======== Dataset section ========
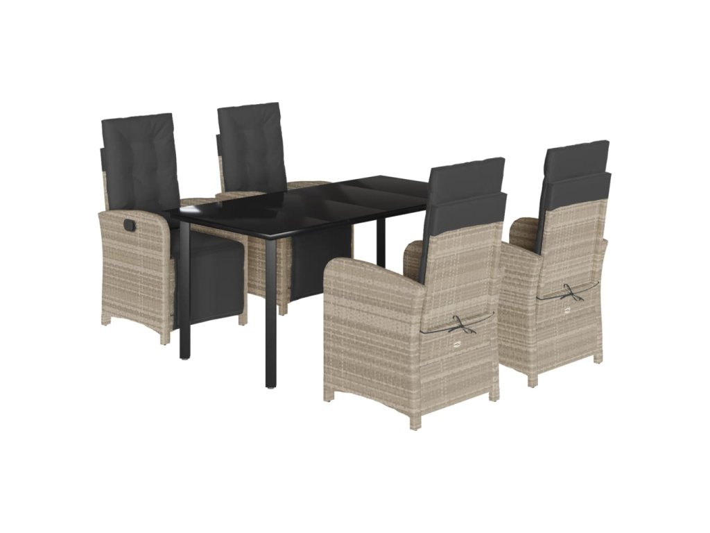 5dílný zahradní jídelní set s poduškami světle šedý polyratan 3212608
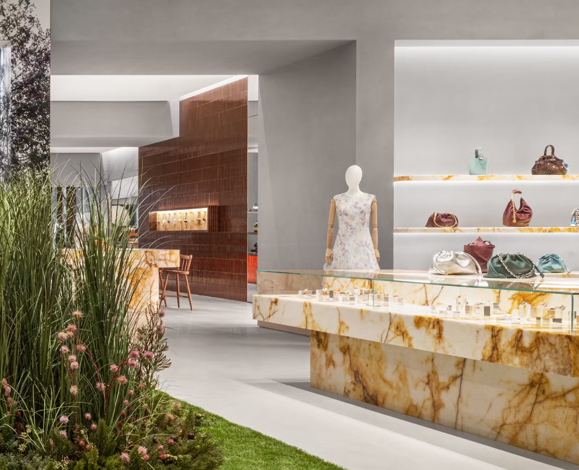 Inside, a color palette of white, brown, gold, orange and green complements materials such as marble, brass, glass and oak. Image credit: Loewe
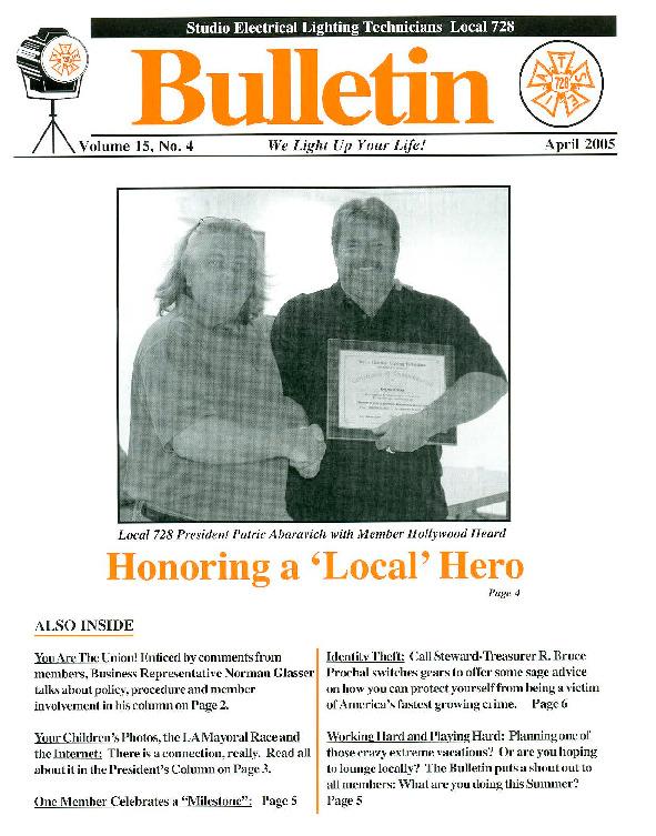 Honoring Hollywood Heard You Are the Union! Preventing Identity Theft Cine Gear 2005 Month & Year Apr 2005 Doc Type Bulletins PDF Document 2005April_Bulletin.pdf Thumbnail
========
• [Work request] Lines from the one holding "Inside, a color" to the end of the data, both ends included, are to be given again exactly; no pictures belong in the copy.

• [Problem solution]
 Inside, a color palette of white, brown, gold, orange and green complements materials such as marble, brass, glass and oak. Image credit: Loewe
 Honoring Hollywood Heard You Are the Union! Preventing Identity Theft Cine Gear 2005 Month & Year Apr 2005 Doc Type Bulletins PDF Document 2005April_Bulletin.pdf Thumbnail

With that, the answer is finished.